IQ matter a lot, too. Countries with social and economic stability tend to have average national IQs of around 100. Low-IQ countries are more dependent on natural resources (for exports), foreign capital infusions, and IMF aid, because these countries are too dysfunctional to create viable industries and self-sustaining economic growth on their own. Their economic growth comes from hyperinflation and foreign credit infusions at super-high interest rates, not self-sustaining, organic growth. Despite a lot of low-scoring groups, America’s national IQ is above 100, as are the Nordic countries and parts of East Asia. It also helps, as stated above, that America poaches top talent from all over the world, but this makes other countries worse-off due to ‘brain drain’.

Private property and rule of law is enforced. This is extremely important, because chaos and socialism equals capital flight. Compare Soviet Russia to present-day Russia to see the stark difference.

Finally, America doesn’t give anyone, including top politicians, much power. The United States government is very big, with many senators, congressmen, and governors, as well as the intricate presidential line of succession and the peaceful transfer of office. Again, this goes back to redundancy. Having many people running things, without much power bestowed on anyone, means the effect of incompetence and or malice for any one individual is lessened. Also, the strong private sector lessens, to some extent, the power and importance of government.

Autocracies are viable and better than democracies if the autocrat is competent, but autocracies can fail if there is neglect and incompetence. This is because it’s hard to depose an autocrat, but also because the autocrat has much more influence over things are run than in an oligarchy or any of other form of government where power is distributed. Some examples:

1. Hitler, who rebuilt Germany after the Wiemar-era hyperinflation and the Great Depression, but was undone by disastrous military campaigns that destroyed the economy and eventually the nation, and nothing could be done about it.

2. Extreme examples include Fidel Castro, Mugabe, Idi Amin, Pol Pot, and the Kim dynasty of North Korea.

3. King Saud, an incompetent Saudi king who was abdicated in 1964 by the house of Faud after a decade of economic mismanagement.

Redundancy means that even the assassination of presidents (such as JFK) have only minimal impact on the overall economy and national stability, whereas assassinations of autocrats can plunge nations into prolonged war and turmoil. Even natural deaths can be problematic, as in the case of king Bhumibol Adulyadej who died in 2016, creating uncertainty for the future of Thailand’s economy.
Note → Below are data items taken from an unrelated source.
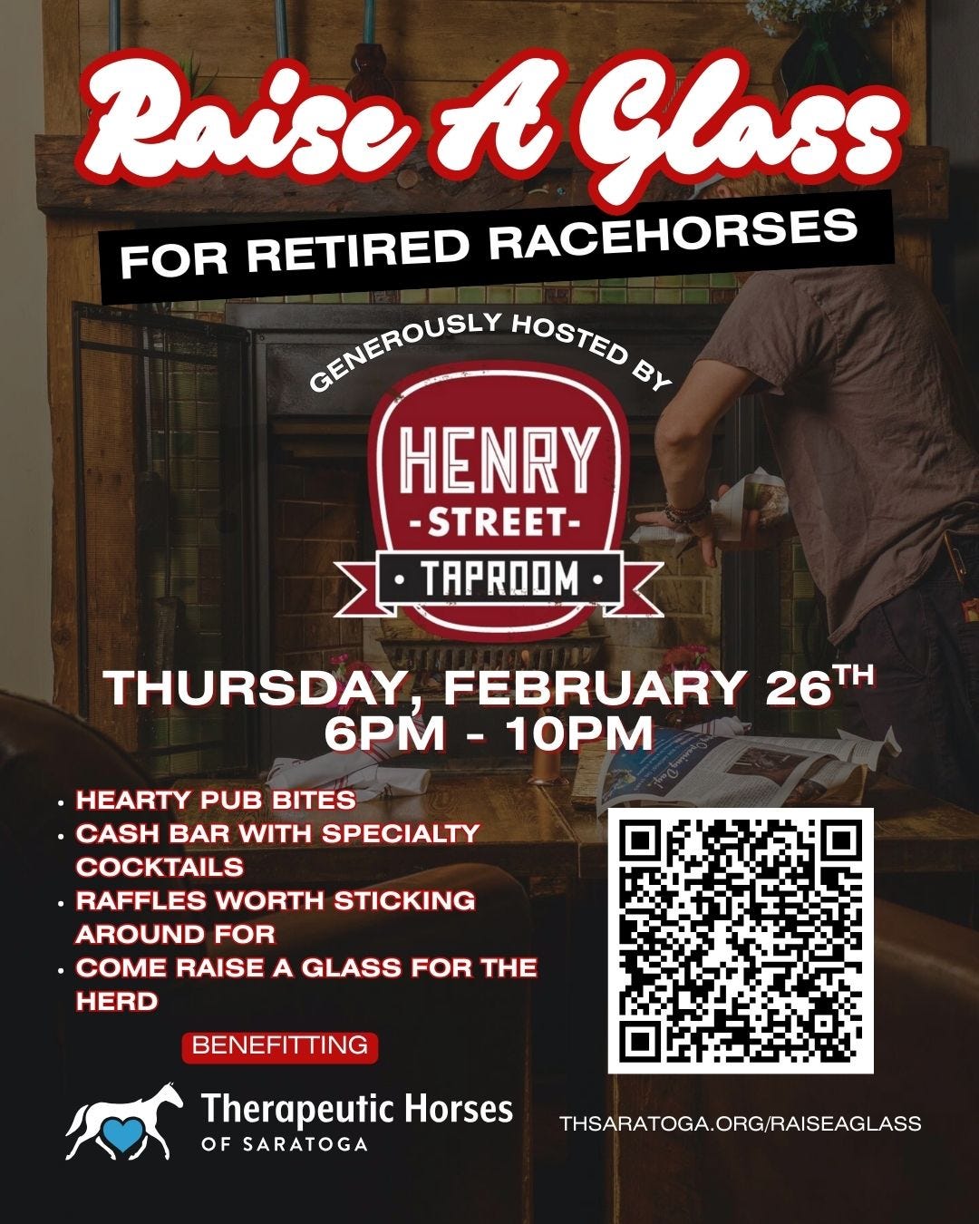 Raise a Glass for Retired Racehorses: Raise a glass for a good cause! Therapeutic Horses of Saratoga will host a get-together at Henry Street Taproom from 6–10pm on Thursday featuring hearty pub bites, raffles, and a cash bar—all in celebration of the retired racehorses who make the work of Therapeutic Horses of Saratoga possible.
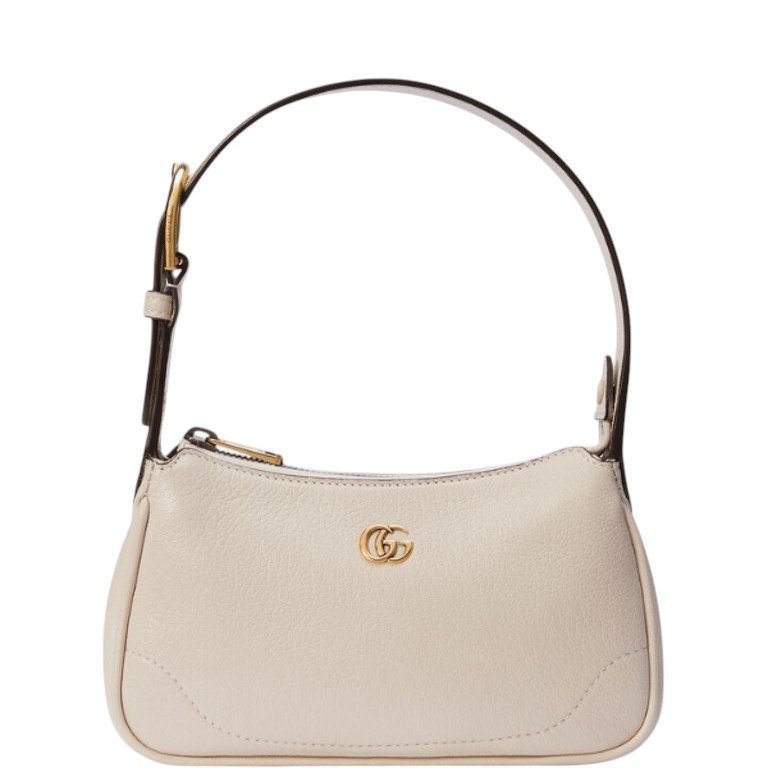 - A nod to styles popular during the late 1990s and early 2000s, the Aphrodite line welcomes a new shape with this small shoulder bag, which pairs the essential design with pop colors and the unmistakable Double G hardware, for a sleek yet unexpected look. Here, it’s presented in a soft light pink leather with a gold-toned zip closure.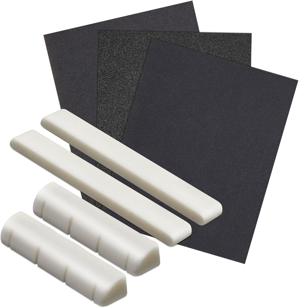 Blisstime مجموعتان من سرج العظام والجوز 3 قطع ورق رمل للقيثارة مصنوعة من عظم حقيقي

Ideally, you want the most competent in power, but this is far from reality, and sometimes competent leaders can later become incompetent. The bureaucratic state, much like America’s pubic school system, suppresses exceptional individual talent and is sclerotic, but it also limits potential harm by any one individual. If a country is struggling after a prolonged depression or war, having a competent autocrat can quickly get things off the ground (a business analogy being Steve Jobs, who in 1997 returned to Apple and saved the company) without being encumbered by bureaucracy, but being that America is a superpower, all it needs to do now is just coast along. It doesn’t need the added risk.